Yay, Annie! While I unfortunately never donned the red wig (my musical the-a-tahhhh experience is limited to having the male lead in our eighth grade production of Little Mary Sunshine) I did used to tape record myself BELTING "You're Never Fully Dressed Without a Smile." Pretty sure I ignorance-mondegreened it as "South View Row."

petejayhawk
petejayhawk (#1,249)

I don't understand how you single-gendered-school kids can just rattle off a piece of information like that and not think it completely freakish and weird.

Natasha Vargas-Cooper

This is a safe space, Pete! Haven't ladies like Bakes and Smangela taken enough scorn for their love of falsettos? How much do want from their soulllsss?

katiebakes
katiebakes (#32)

It's not like we MADE OUT or anything (we just pretended to behind a strategically placed hat)

HiredGoons
HiredGoons (#603)

I shaved my head to play Daddy Warbucks.

Even in 8th Grade I was 'method.'

#suck it James Dean

Jeff Barea
Jeff Barea (#4,298)

Whatever.

This was just a propagandist interpretation of Oliver anyway.

Throw in a happy girl who brightens the lives of all she meets and causes them to forget the ripping pangs of hunger.

Instead of the boy version in which he rips off the rich to help his fellow poor (goes deep into the social development differences between British lore and the American dream, even if you don't ask me).

While she liberates her fellow orphans through the paternalistic welfare minded graciousness of a wealthy man, he has to fight and overcome hardship to free his fellow orphans from the tyranny of a lordly oppressor.

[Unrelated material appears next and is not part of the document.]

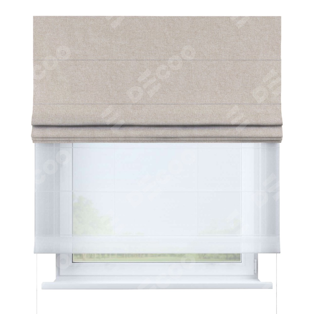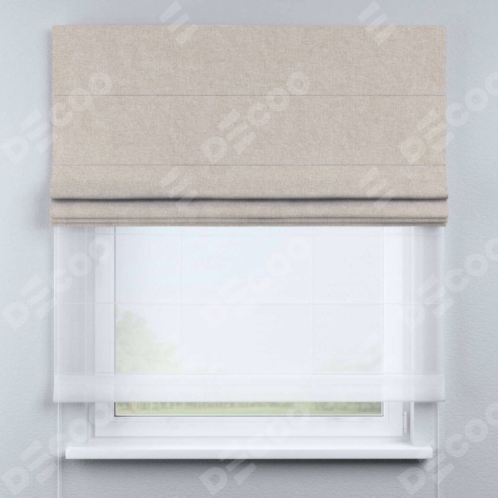 Двойная римская штора «День-ночь» от производителя Cortin предназначена для использования в проёмах. Эта штора уникальна тем, что состоит из двух полотен. На лицевой стороне находится лён кашемир натуральный беж (артикул: bej), обеспечивающий эффективное затемнение. В комплект также входит вторая ткань — легкий белый тюль (артикул: V-01), который добавляет изящества и легкости оформлению окна. Кроме того, доступны и другие разновидности ткани тюль, выбор которых доступен по ссылке .

I always wanted to shoot her.

scroll_lock
scroll_lock (#4,122)

This brings back memories of a friend of mine in school who became utterly obsessed with McArdle after seeing her in Annie. She talked about her CONNNNNNSTANNNTLLLY and it was some tiresome shit.

MaryHaines
MaryHaines (#3,666)

The other problem with knowing how to read Annie is that it's based on a very popular depression-era comic strip that officially just ended, like, a couple weeks ago, but really disappeared from the zeitgeist many decades earlier. So... it's a 1970s-'80s take on a comic from the 20s, and that's a lot of cultural baggage. Since the source material is now mostly associated with the decoder-ring subplot in A Christmas Story, perhaps it would be best to drop any pretense of recreating its look and feel? Maybe ditch the cartoonish wig and red dress? Might it be permissible for Daddy Warbucks to have hair? Not that Annie will ever be naturalistic, but at least it could be cartoonish on its own terms. Then you would just have to deal with the fact that -- for example -- "Tomorrow" wants to be a 1930s-style "Look for the Silver Lining" type of song, but it sounds more like something from the Carpenters' catalog.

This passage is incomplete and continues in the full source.